Our multinational team has previously collected field samples for influenza viruses in both the United States [4, 5] and in China [6, 7]. Our goal in this study was to examine a panel of animal, environmental, and human field samples collected in both the United States and China with evidence of influenza A or B virus against both classical virologic techniques and a new microarray assay, the FluChip-8G (FC8G) Insight Assay (InDevR Inc. Boulder, CO) at our laboratories at Duke University in Durham, NC and at Duke Kunshan University (DKU) in Kunshan China.
Materials and methods
We sought to compare traditional laboratory detection and subtyping methods (partial or full genome sequencing, or real time PCR subtyping) with the new FluChip-8G Insight Assay technology. Published real-time polymerase chain reaction (qPCR) and real-time reverse transcription polymerase chain reaction (qRT-PCR) assays for influenza A and B viruses were used with cDNA positive controls and nuclease-free water as negative controls.
Sample processing
For bioaerosol samples and clinical laboratory specimens, viral RNA was extracted from each 200 μl sample and eluted in 50 μl of elution buffer using a QIAamp MinElute Virus Spin Kit (Cat. No. 57704, Qiagen Inc., Hilden, Germany). Extracted RNA was then tested for the presence/absence of influenza A [8] and influenza B [9] by real-time reverse transcriptase polymerase chain reaction (qRT-PCR) assays using the SuperScript III Platinum One-Step qRT-PCR Kit (Thermo Fisher Scientific Inc., Waltham, MA). Each qRT-PCR run had positive and negative template controls. qRT-PCR reactions were performed in a 20 μL reaction mixture containing 5 μL template RNA under the following conditions: 50 °C for 30 min, 95 °C for 2 min, 45 cycles of 95 °C for 15 s, and 55 °C for 30 s.
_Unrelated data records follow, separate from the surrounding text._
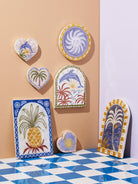 Introducing Soleil, our collection of capiz wall tiles that brings a touch of tropical paradise to your space. Immerse yourself in the warm hues and vibrant energy of original artwork featuring pineapples, palm trees, and dolphins, beautifully rendered in a palette of sun-kissed tones highlighted by shades of blue and lavender.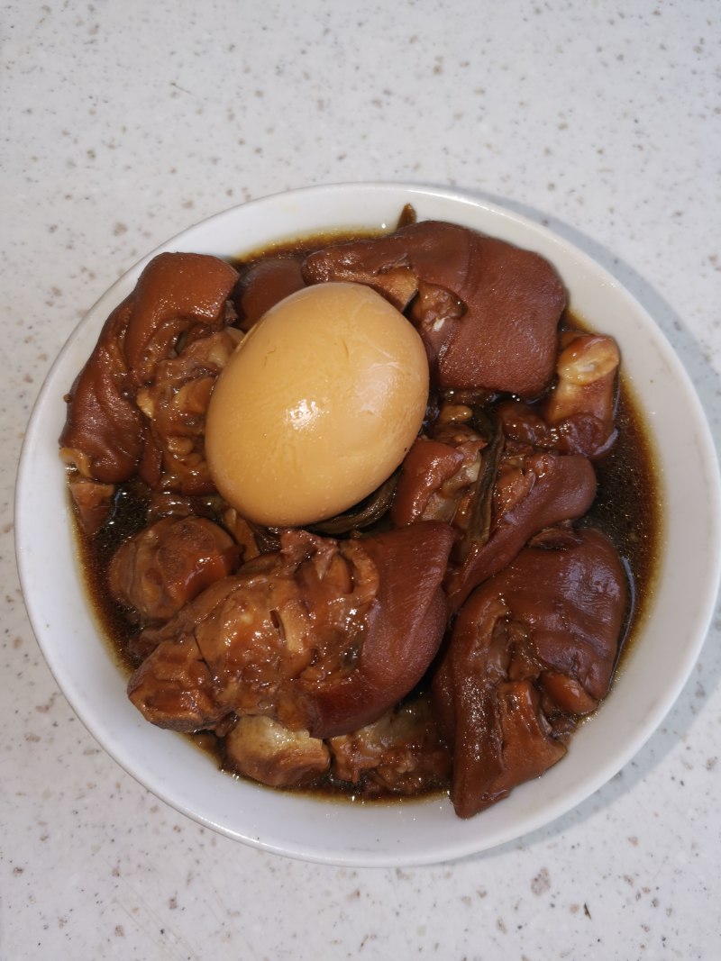 5:猪蹄放入高压锅,加葱姜,干红辣椒,香料,生抽,老抽,料酒,加水没过猪蹄,炖1.5小时。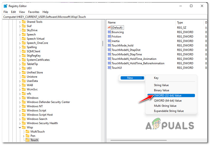 Creating a new DWORD value - Once the new DWORD is created, name it TouchGate.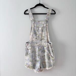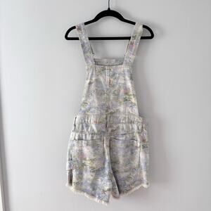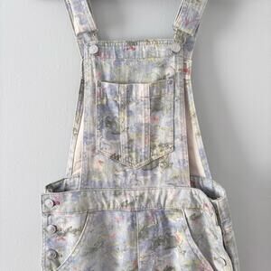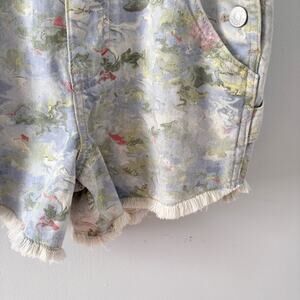 pilcro - cut off short overalls denim floral print watercolor anthropologie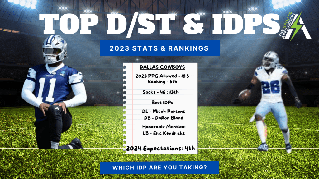 The Cowboys will also have an offense going all out. Who knows what the future holds for Head Coach Mike McCarthy, quarterback Dak Prescott, and wide receiver CeeDee Lamb, but they will help the defense again this year. It starts with their playmakers, who happen to be excellent IDPs.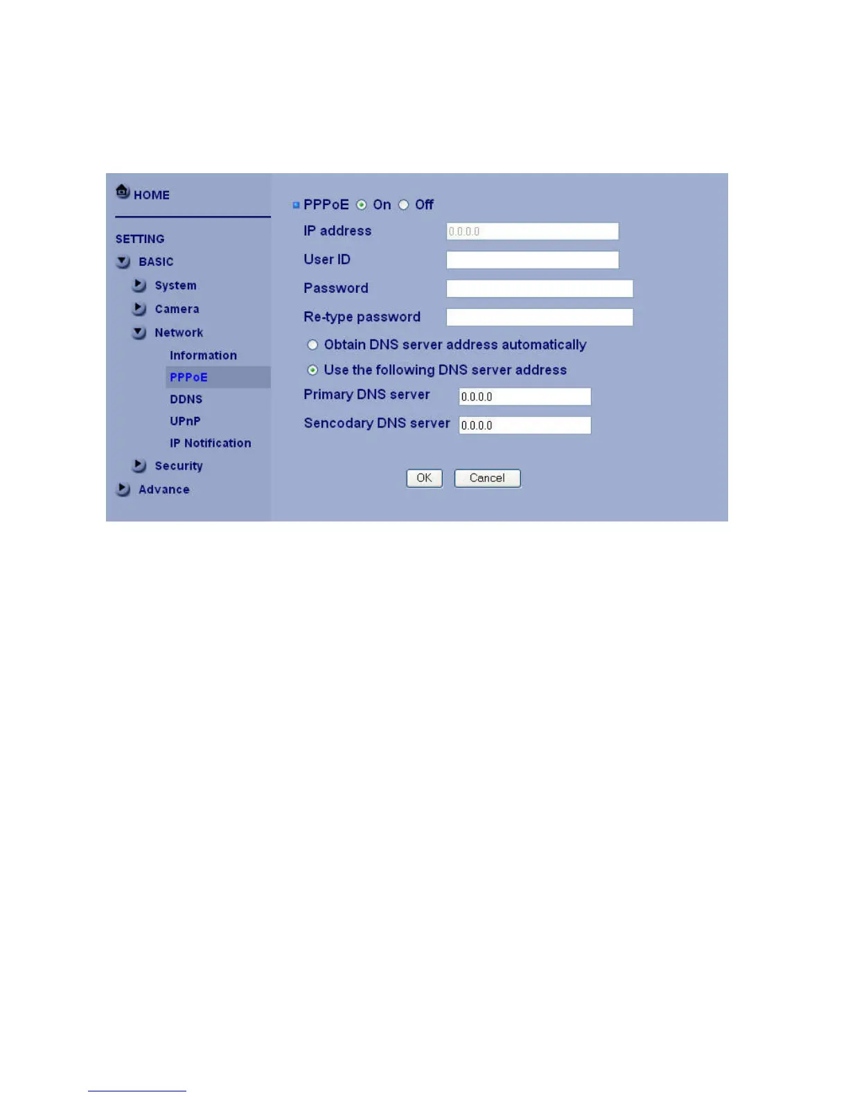 User ID:Enter the user ID for authentication necessary for PPPoE connections. Type it up to 64 characters.

For pig oral secretion and environmental samples, viral RNA was extracted using a MiniBEST viral RNA/DNA Extraction Kit (Cat. No. 9766, TaKaRa, Dalina, China). Extracted RNA was screened for influenza A by a qRT-PCR assay targeting the influenza matrix genome segment [10] using a One-Step RT-PCR kit (Cat. No. 56046, TaKaRa, Dalian, China). Each qRT-PCR run had positive and negative template controls. qRT-PCR reactions were performed under the following conditions: 42 °C for 30 min, 94 °C for 2 min, 40 cycles of 94 °C for 15 s, and 55 °C for 30 s.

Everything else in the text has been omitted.